Underwatertimes.com News Service - July 26, 2007 04:11 EST

Alexandria, known as the Pearl of the Meditarranean, is thought to have been founded by Alexander the Great in 332 BC as he swept through Egypt in his quest to conquer the world.

But now scientists have discovered that vestiges of an older city hidden beneath Alexandria, which they claim are at least seven centuries older than the city founded by the great Greek conqueror.

Hidden underwater traces point towards a city, mention of which are found in Homer's Odyssey, and that could shed light on the ancient world, reports LiveScience.com .

Alexandria was founded in Egypt on the shores of the Mediterranean to immortalise Alexander the Great. The city was renowned for its library, once the largest in the world, as well as its lighthouse at the island of Pharos, one of the Seven Wonders of the Ancient World. The Catacombs of Kom el Shoqafa was one of the Seven Wonders of the Middle Ages.

Alexandria was known to have developed from a settlement known as Rhakotis, or Ra-Kedet, vaguely alluded to as a modest fishing village of little significance by some historians.

Seven rod-shaped samples of dirt gathered from the sea floor of Alexandria's harbour now suggest there may have been a flourishing urban centre there as far back at 1000 BC.

Coastal geoarchaeologist Jean-Daniel Stanley of the Smithsonian's National Museum of Natural History and his colleagues used vibrating hollow tubes to gently extract three-inch-wide rods of sediment 6 to 18 feet long from up to 20 feet underwater.

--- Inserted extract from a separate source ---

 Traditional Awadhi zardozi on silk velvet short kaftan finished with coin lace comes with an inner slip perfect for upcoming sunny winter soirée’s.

Collecting these samples underwater proved challenging. "Alexandria now is home to as many as 4 million people, and we were in the unfortunate position of having to deal with their discharge — human waste, municipal waste, industrial waste — which got released into the harbour," Stanley said. "It's not funny, but you have to sort of laugh."

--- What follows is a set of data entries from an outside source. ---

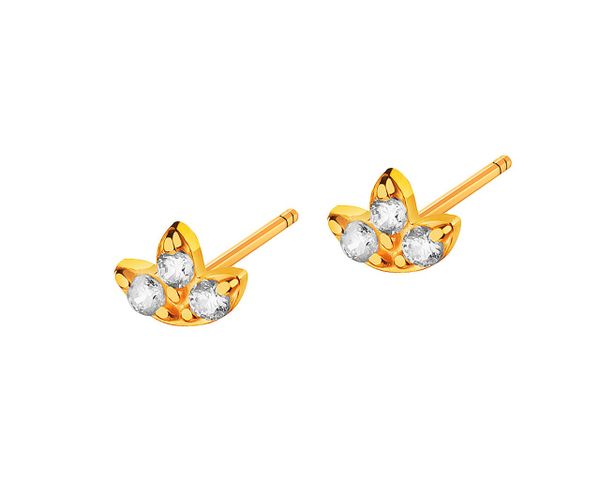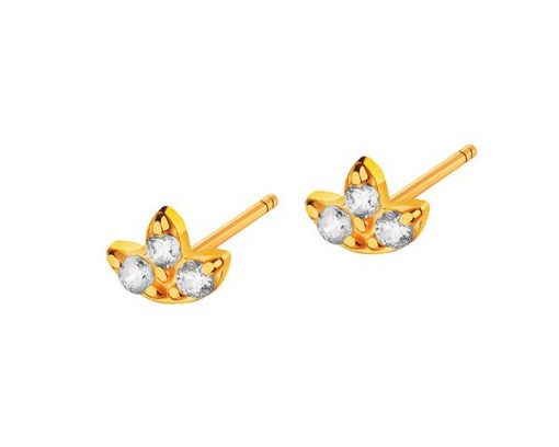 Złote kolczyki z cyrkonimi- kwiaty lotosu – K-885.01. Żółte złoto
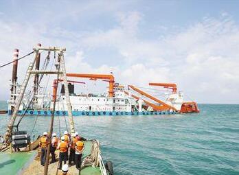 据陈文锋介绍,一期项目的疏浚工程量不低于1000万立方米,预计吹填造陆面积为100万平方米,“相当于在海面上填了140个足球场,将海岸线前移了4公里”。如此浩大的疏浚吹填工程在柬埔寨还从未有过。为了确保工程质量,“顶峰浚”号绞吸船组和4000米的吹填浮管都是从中国大连直接运至贡布港口。和船组一起来的,还有30多名经验丰富的船员。
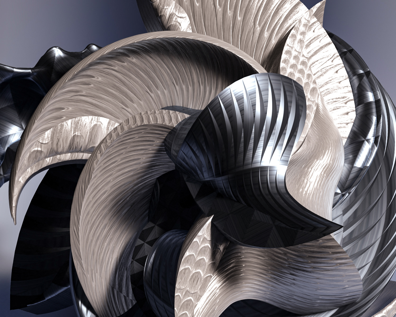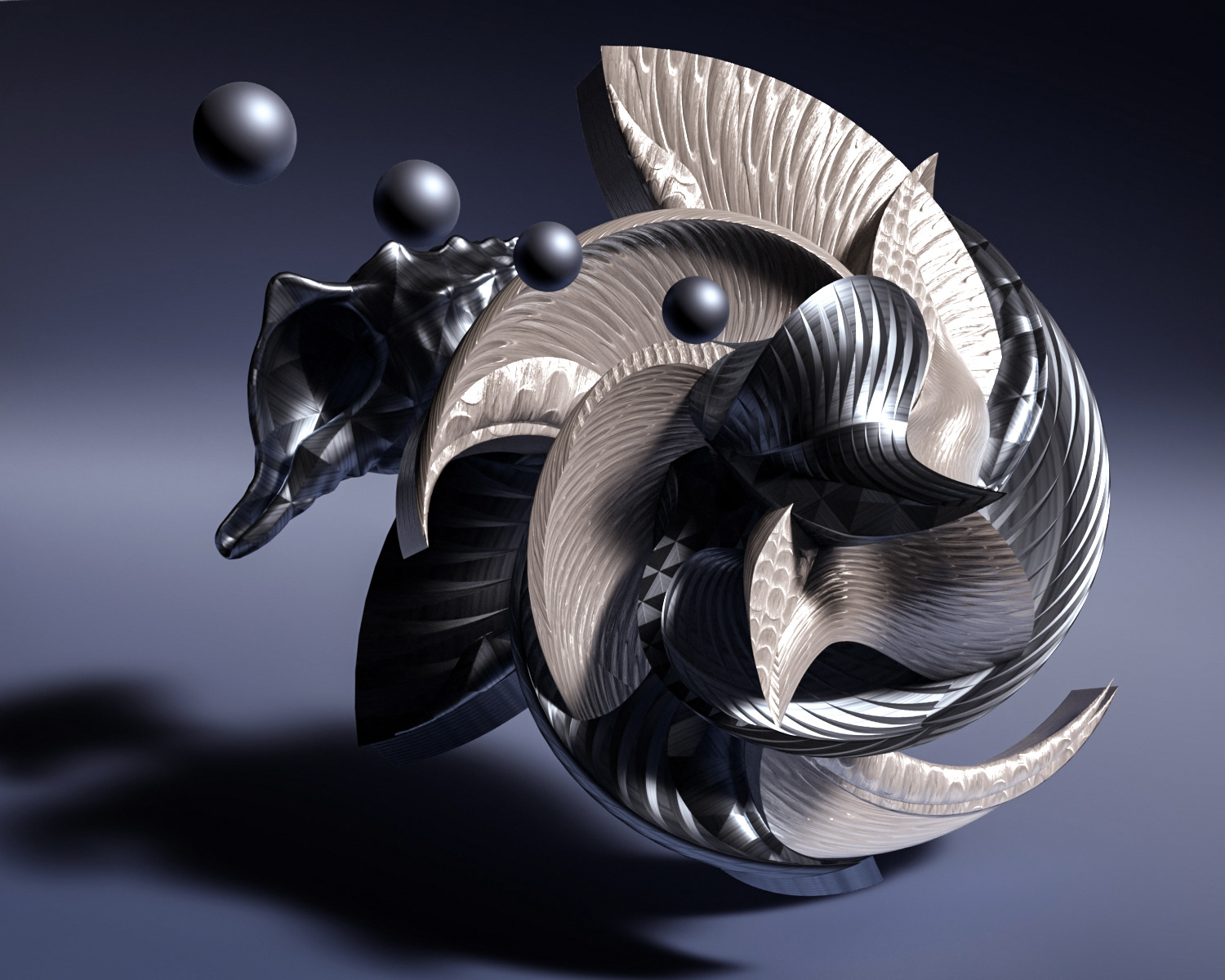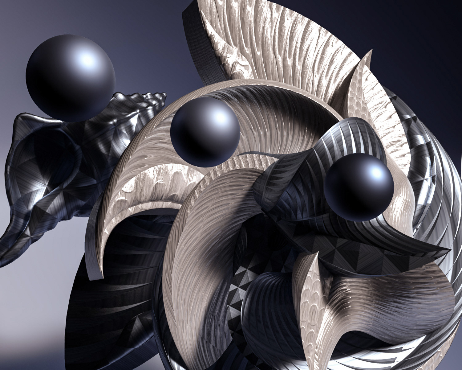 In "Nacre", I used the same shapes I created for the previous rendering, "Jewel", in shades of blue-gray and a slightly warm tinge to the lights.
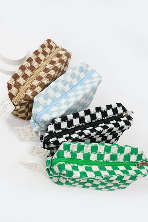 Checkered Knitted Cosmetic Bag Makeup Pouch Roomy Zipper Pouch Portable Travel Toiletry Bag Organizer For Girls And Women Gift -Premium Quality -Individual package -Size: 6.5 x 4 x 2.5 Inch -Fabric Content: Polyester
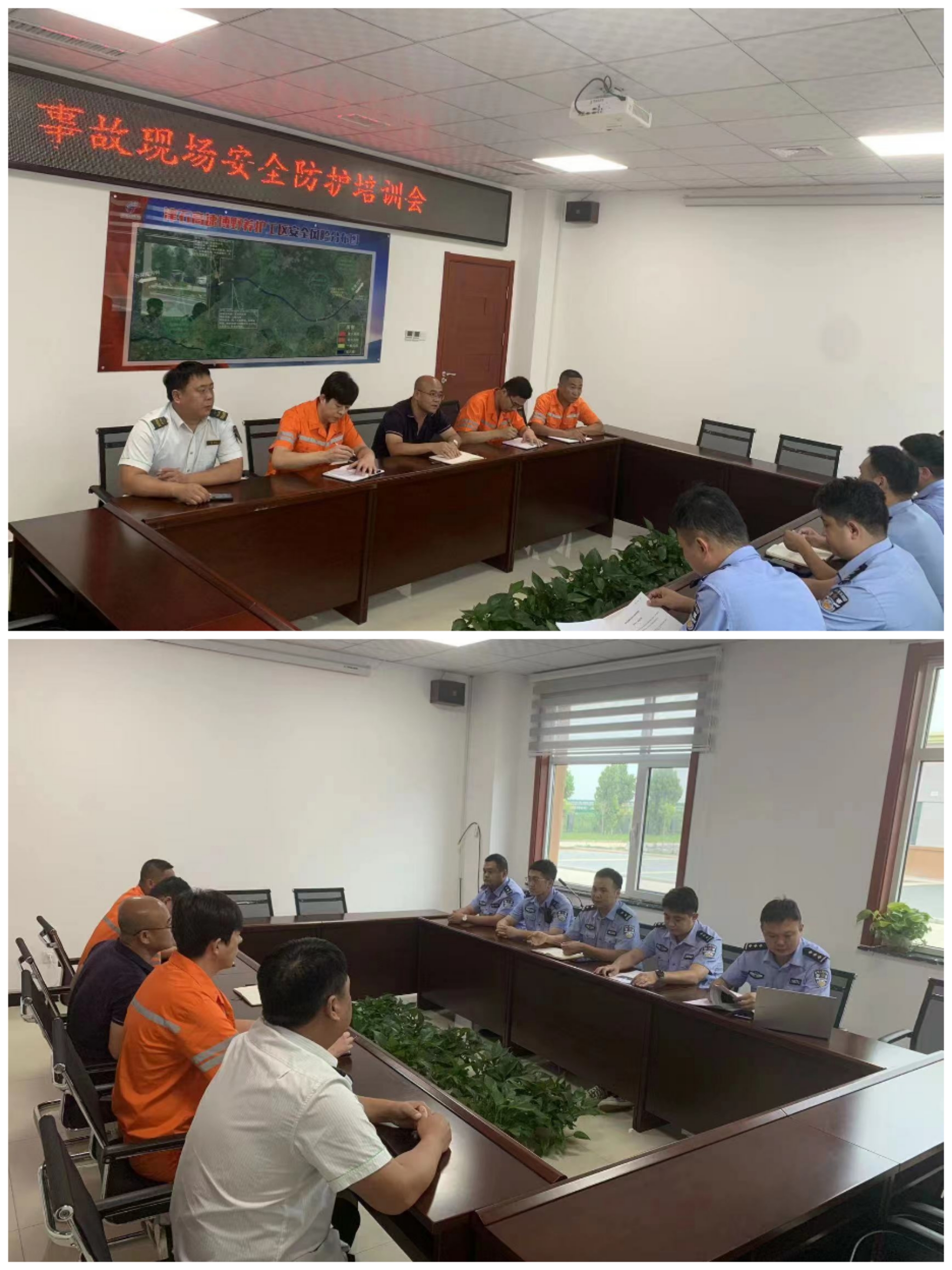 8月13日下午,津石高速运营总监常剑钊,津石高速博野交警大队大队长严国龙,就高速公路发生的安全事故,组织召开施工现场安全防护培训会。

Ceramic shards, high levels of lead that was likely used in construction, building stones imported from elsewhere in Egypt and organic material likely coming from sewage were detected in the sediment.

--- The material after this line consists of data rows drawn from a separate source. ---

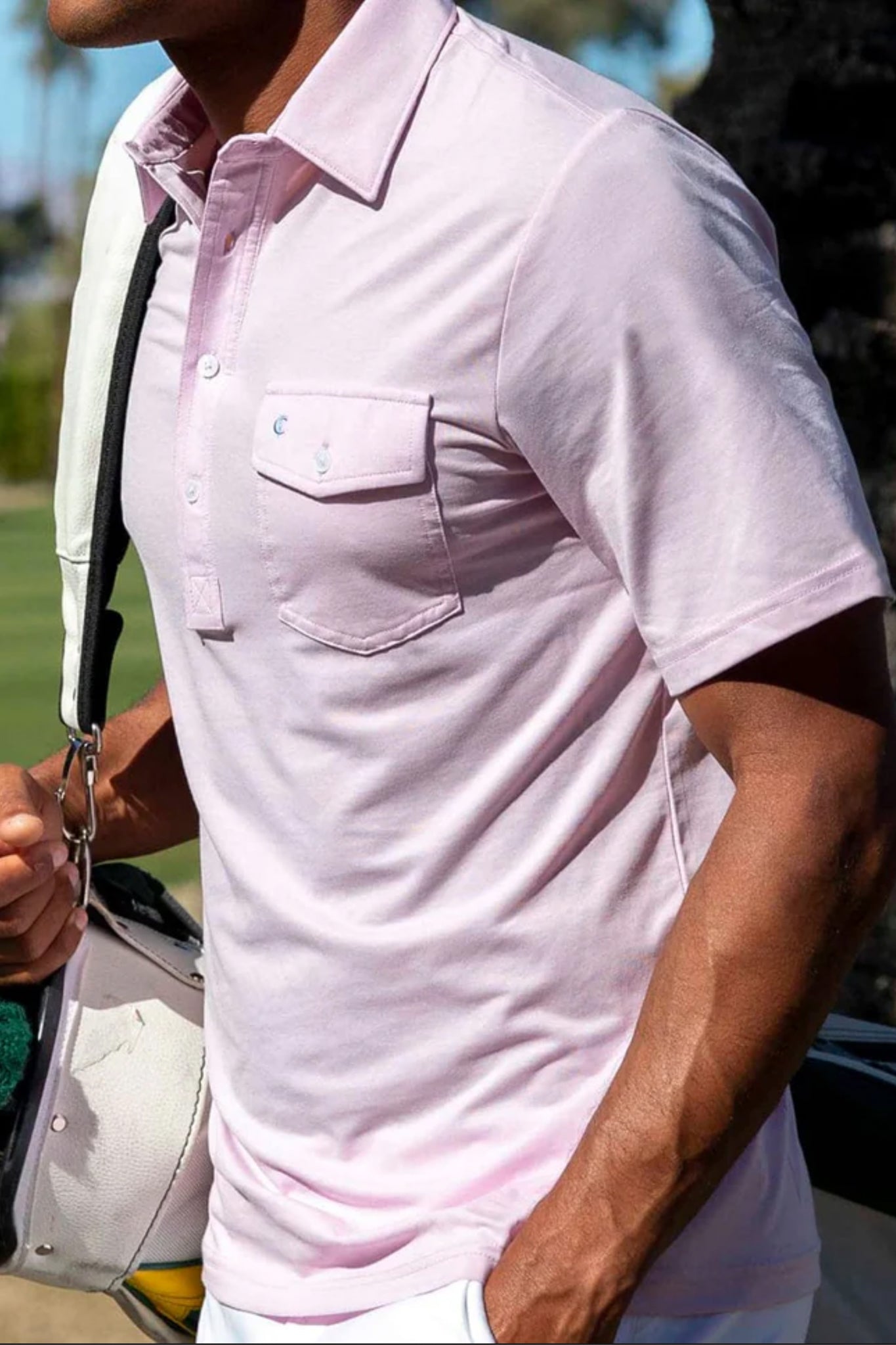 Fresh and new in a pale pink hue. we are loving the Cherry Blossom Performance Players Shirt. There is really nothing better than a polo that looks sleek (hello. classic collar with removable collar stays). but is actually super low-fuss and made from an easy care fabric that stays wrinkle-free all day long. From the golf course to backyard barbecues. this is an essential summer style.
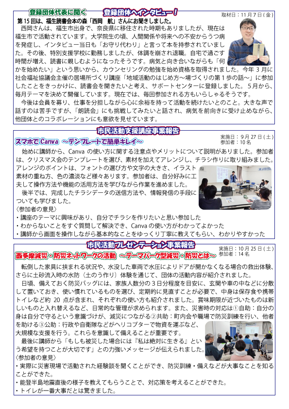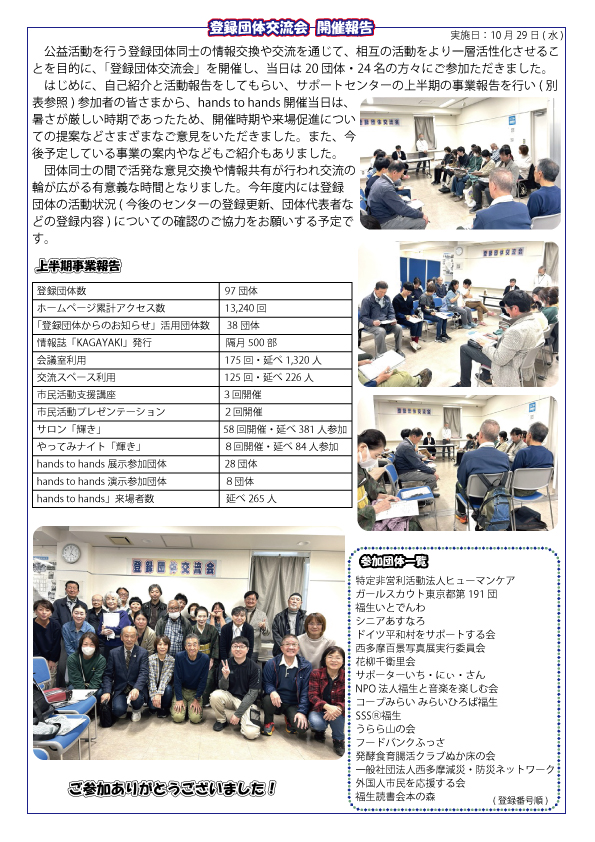 | 施設・設備 | 団体情報・登録 | 登録団体からのお知らせ | 助成金 | アクセス | リンク集 |
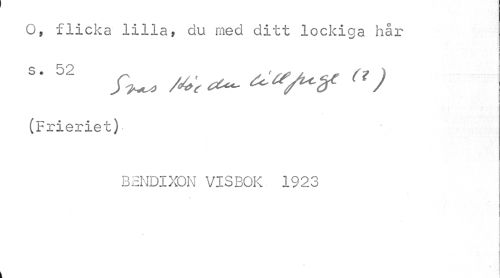 //// O, flicka lilla, du med ditt lockiga hår //// 8-52 av< ) //// (Frieriet) //// bendixon visbok 1923 //// v //// \ ////
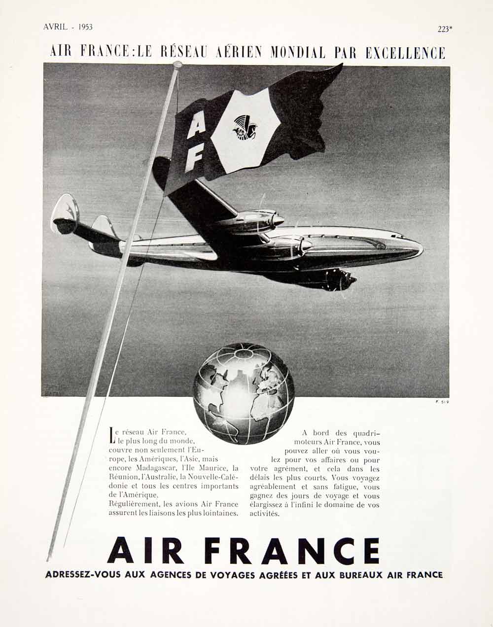 This is an original 1953 black and white print ad for Air France.

These all suggest the presence of a significant settlement well before Alexander the Great came. The results are detailed in the August issue of the journal GSA Today .

"Alexandria was built on top of an existing, and perhaps quite important, settlement, maybe one that was minimised in importance because we can't see it now," Stanley said. "Nothing really concrete about Rhakotis has been discovered until now."

Alexander the Great likely chose this area for Alexandria since it had a bay to protect a harbour against fierce winter storms in the Mediterranean.

"There are very few places in the Egyptian Mediterranean coast where the coastline is not smooth," Stanley said. "This would have been the best place to establish a harbour."

Stanley added this bay was even noted in Homer's epic Odyssey: "Now in the surging sea an island lies, Pharos they call it. By it there lies a bay with a good anchorage, from which they send the trim ships off to sea."

This area might have been a haven throughout ancient times for the Greeks, Minoans, Phoenicians and others. Future research could shed light on the life of mariners at this settlement before Alexander came. "Virtually nothing is known of the people who would have lived there," Stanley said.